About that time, a policeman who witnessed the situation joined us. “Is this fellow bothering you?” he asked me.

“No, officer. He’s just a little surly,” I said not wanting to make any trouble.

“I’m what?” my surly friend said.

In the most uncharitable manner, I said, “Want me to define the word surly for you?”

There we were, the officer, the angry man, and me in all my pomposity. The fine state that Helmi’s presentation had warmed my spirit to had left me. If only that young lady had seen her guru now!

We flow in and out of trouble, in and out of highs and lows, in and out of joys and sorrows. The mind and experience meet and repeat the same natural phenomenon as if children of the moon with the rising and lowering tide. Then unexpected storms crash into our world and all semblances of order and control vanish as if they never existed.

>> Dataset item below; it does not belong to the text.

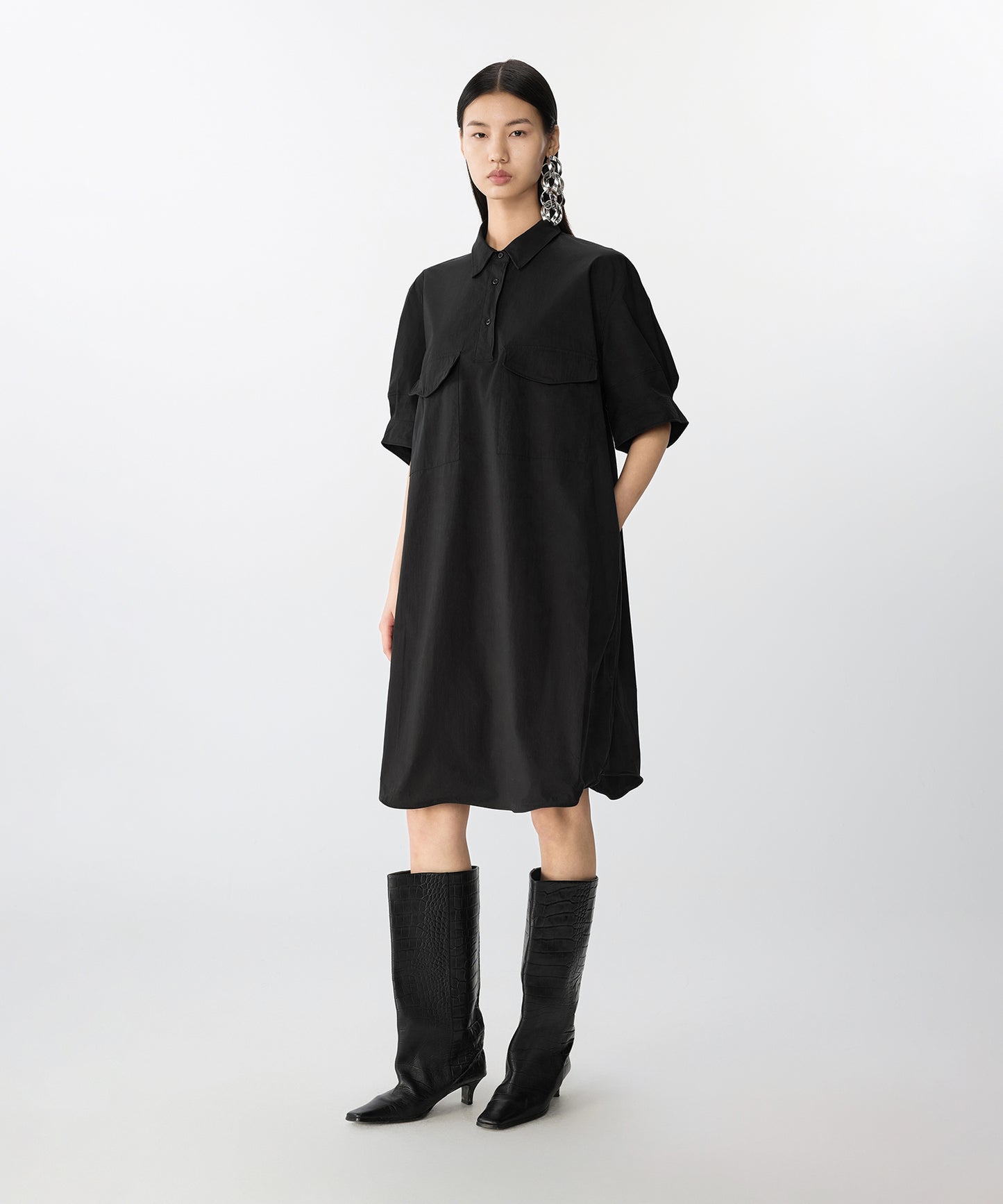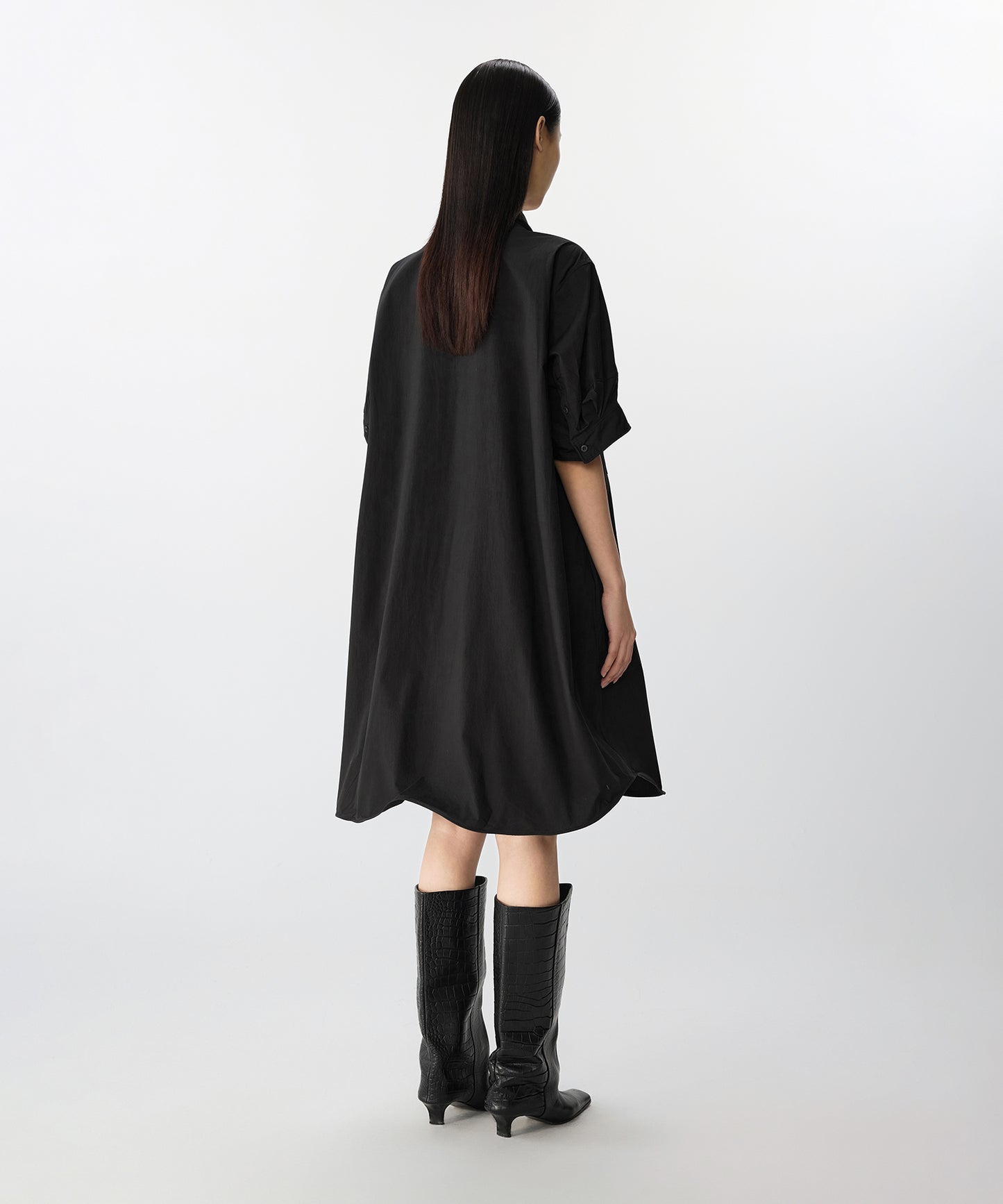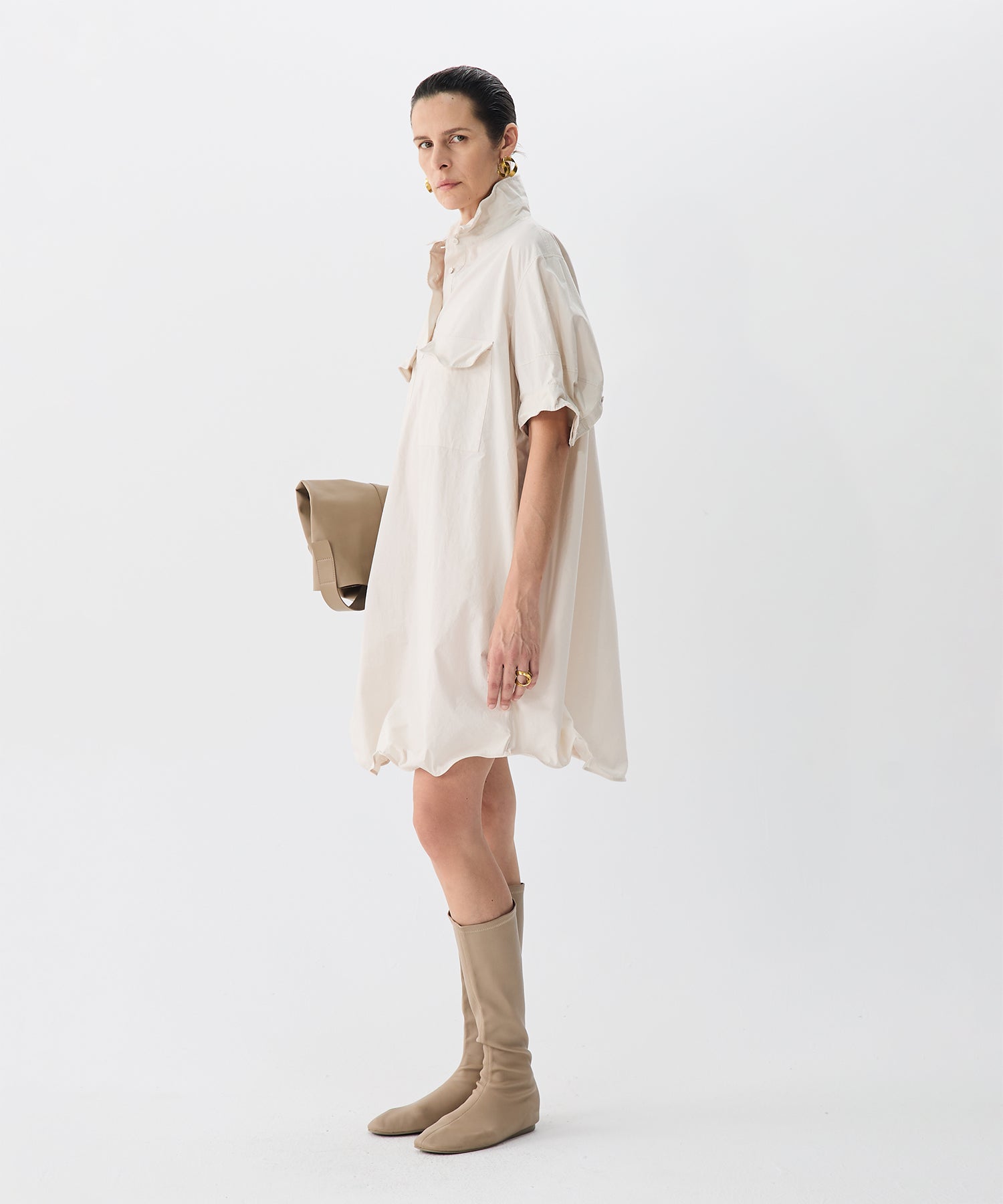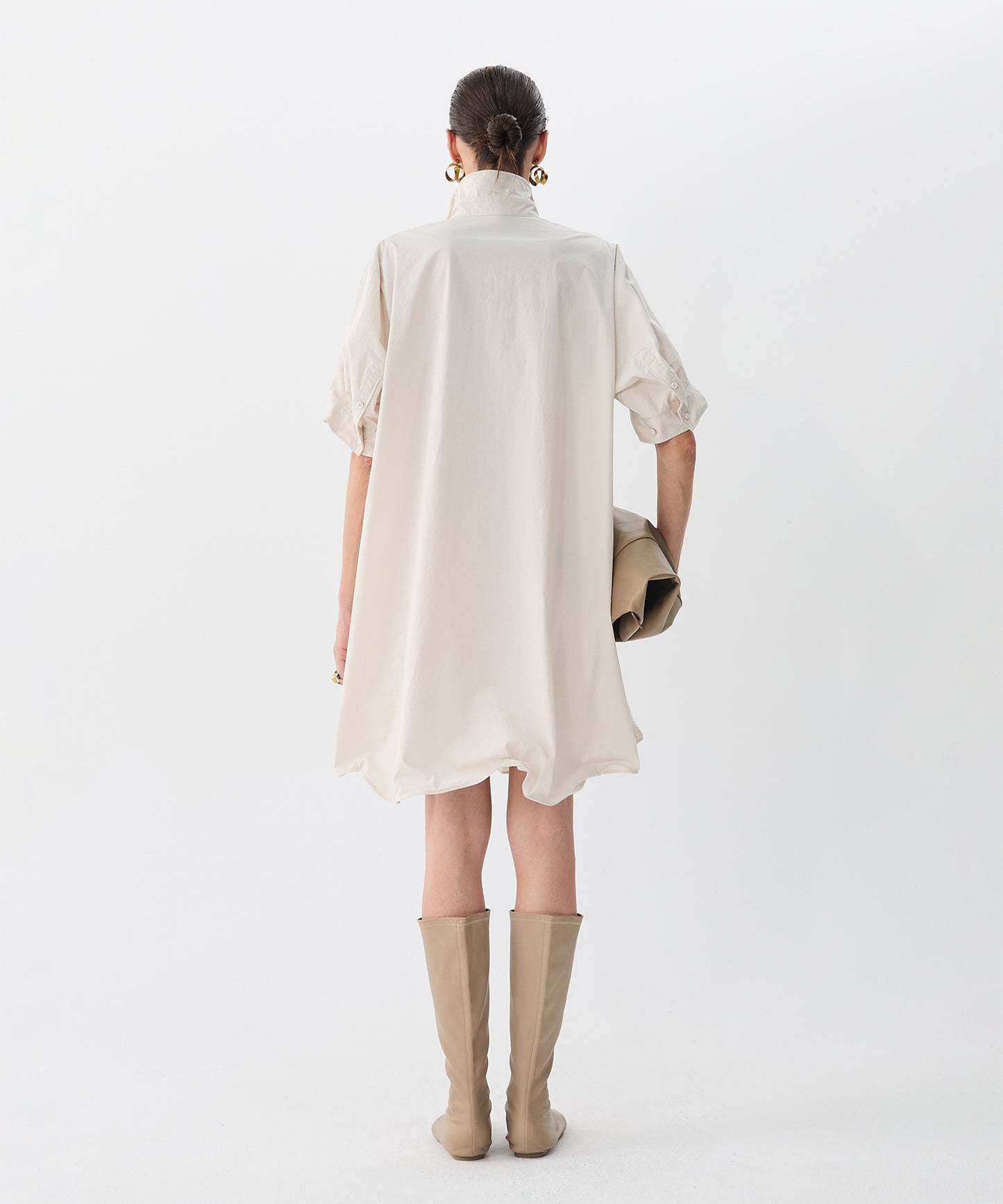 シルエット自由自在なスタイリッシュワンピースドレス。襟、袖口、裾に施されたワイヤーディテールが、着る人の気分やシーンに合わせてシルエットを自在に変化させます。シンプルでありながら、モダンなデザインがあらゆるスタイルにマッチ。一枚でさまざまな表情を楽しめる、柔軟性のあるアイテムです。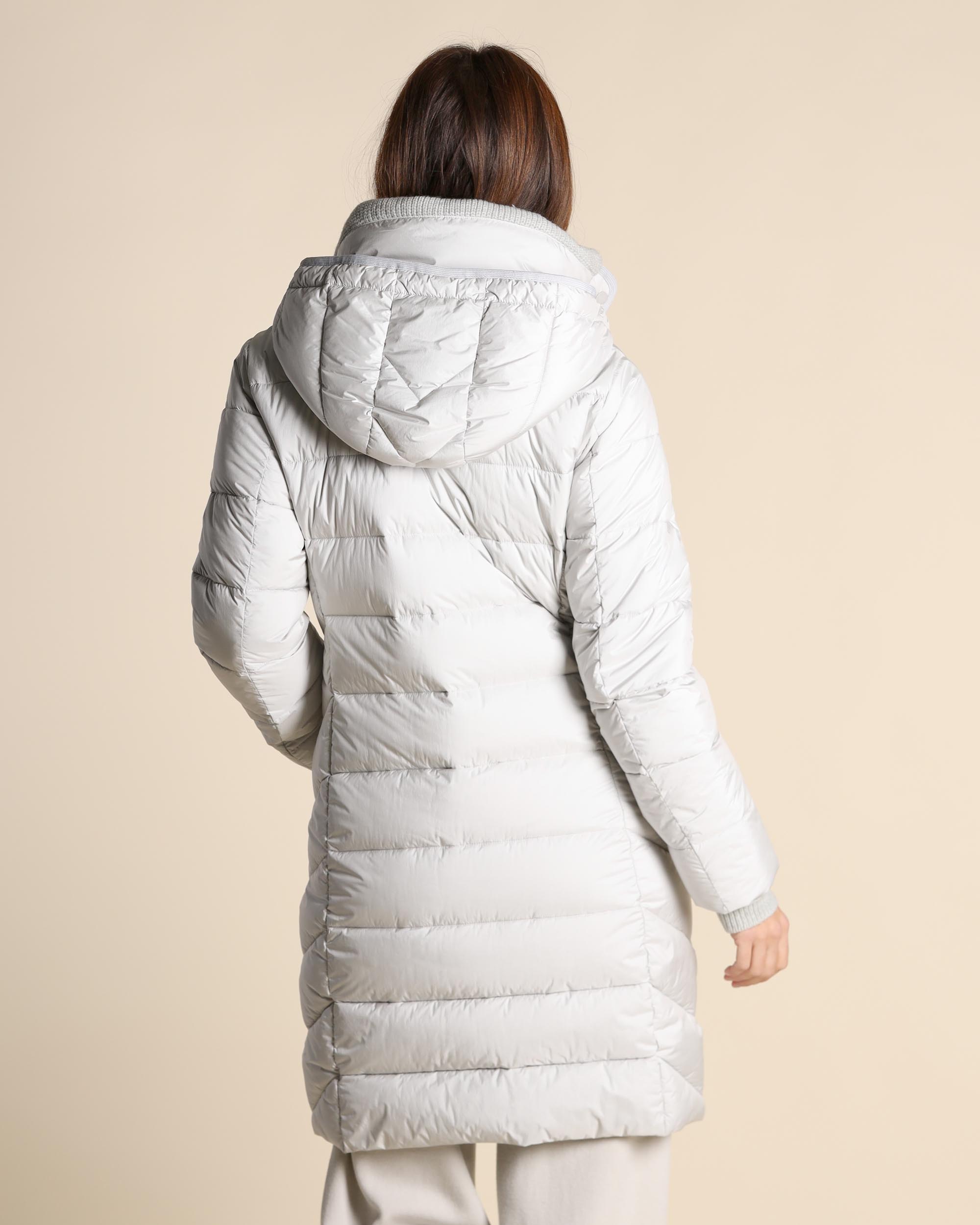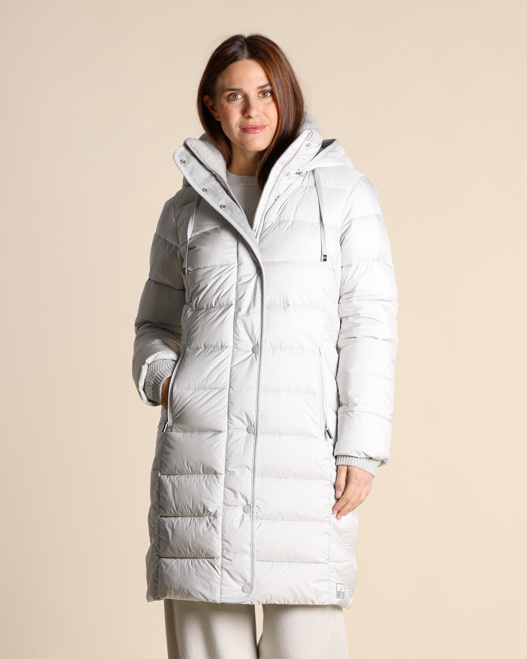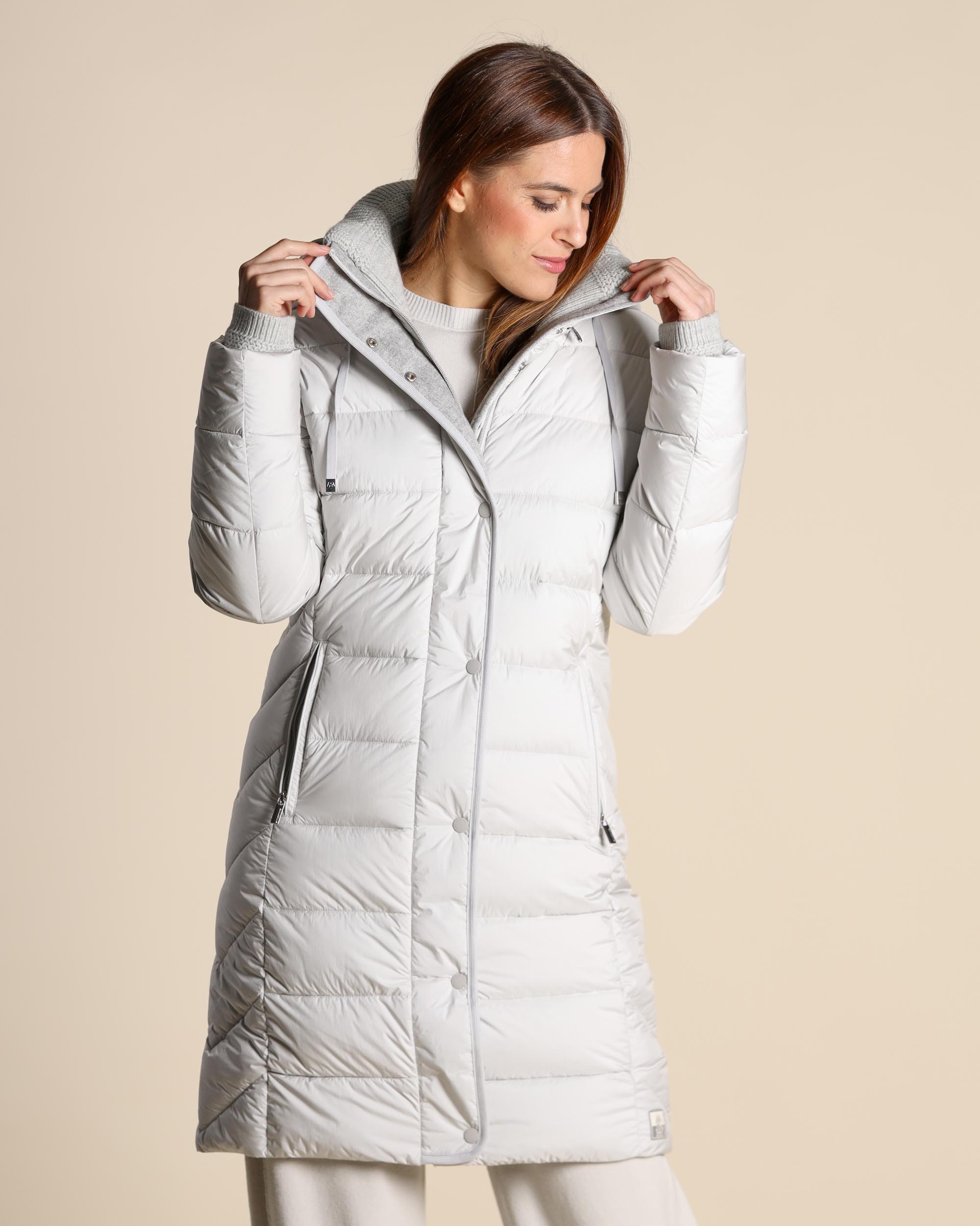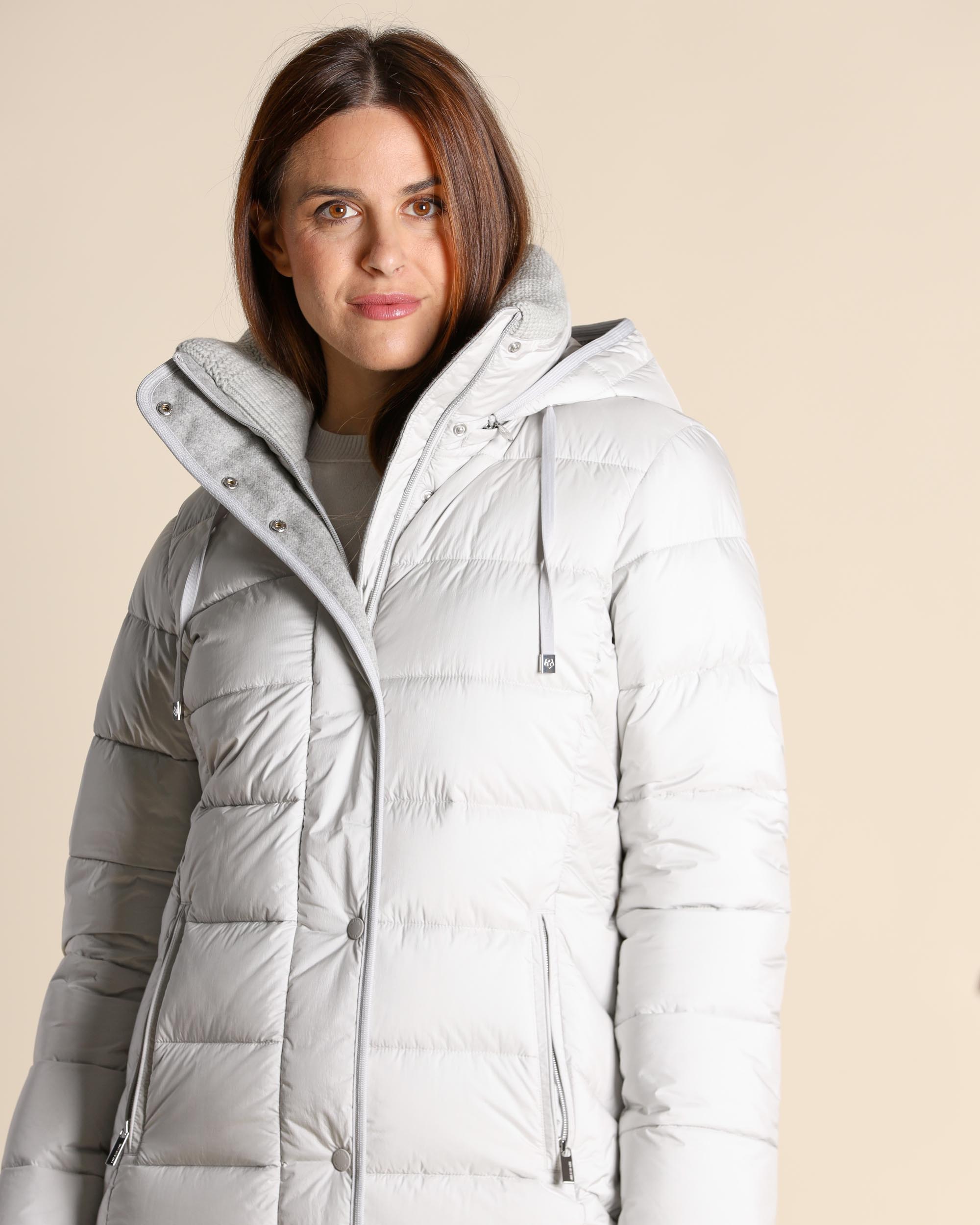 Piumino color ghiaccio in raso antigoccia, collo alto con interno in maglia e cappuccio con coulisse removibile, maniche lunghe con polsino in maglia, chiusura con zip a doppio cursore e bottoni automatici nascosti, tasche a filetto con zip, linea dritta, fodera animalier, imbottitura in Thinsulate, tessuto in microfibra sintetica termoisolante e traspirante, protegge dalle basse temperature con un peso molto contenuto, a parità di peso, garantisce un isolamento termico 15 volte superiore ad altri tessuti isolanti dello stesso spessore, la modella indossa una tg.42, la modella ha le seguenti misure: altezza 177, seno 87,vita 65, fianchi 93, collezione donna Milestone Autunno Inverno 2025/26

I felt poorly the rest of the evening for how I treated that man. All the esteem that young lady had heaped upon me, and then reinforced by Helmi’s session, was flittered away. My mind flows like a river because life is a river. I wrote this poem to express this sense a long time ago:

Ever moving ever changing ever enchanting ever vexing
Forging through space climbing to mountains and sky cascading unto parch earth and green valleys
Growing muddy and putrefying every decaying ever stinking ever polluting ever stagnating
Becoming clear lucid pure sparkling happy invigorating refreshing
Gravitating from frigidity coldness coolness to comfort warmth hotness incontinent heat
Exploding particulate matter into flotsam and jetsam
Exposing arrogance aloofness stupidity affection flippancy irrationality
Bringing peace satisfaction power convenience temporality
Surrendering solace fulfillment tranquility transcendence essence
Experimenting with fear hate envy lust greed deceit pleasure courage happiness music
Searching for valor love hope beauty charity faith kindness caring
Creating chaos by raging abandoning destroying disfiguring lying distorting scarring killing
Inundating indiscriminately presumptively
Every singing ever praising ever soothing ever titillating ever mesmerizing ever enticing ever fantasizing ever duping ever using ever toying
Offering to play pray sport escape entertain travel dream nourish know see think feel
Making love laughter music war hate peace tomorrow
Causing growth atrophy health debility inspiration apathy discovery disillusionment
Establishing order by producing reproducing transforming transplanting transmutating transmigrating transmitting transmogrifying
Ever balancing ever imbalancing ever taking ever giving
Emulsifying demulsifying foaming defoaming coagulating dispersing scaling softening corroding electroplating sequestering precipitating hurting helping killing saving losing winning hating loving bombing building destroying remaking upsetting stabilizing confusing elucidating excoriating nurturing acidizing neutralizing beginning ending coloring decoloring oxidizing reducing liquefying solidifying catabolizing fermenting

Influent to
Effluent from

Nunc fluens of time
Tota simul of eternity

Being born existing living dying
Being buried

Eons after eons after eons

Without a rhyme or reason for
Without a known fons et origo or a fathomable terminus

With only a promised promise promised

Transporting this fragile tissue hope mankind by a swift noiseless pulling mysterious gentle ceaseless subtle mighty treacherous conflicting fascinating sweeping force

With an irresistible current

Carrying all to a sea of light or a sea of doubt [© James R. Fisher, Jr., October 1969]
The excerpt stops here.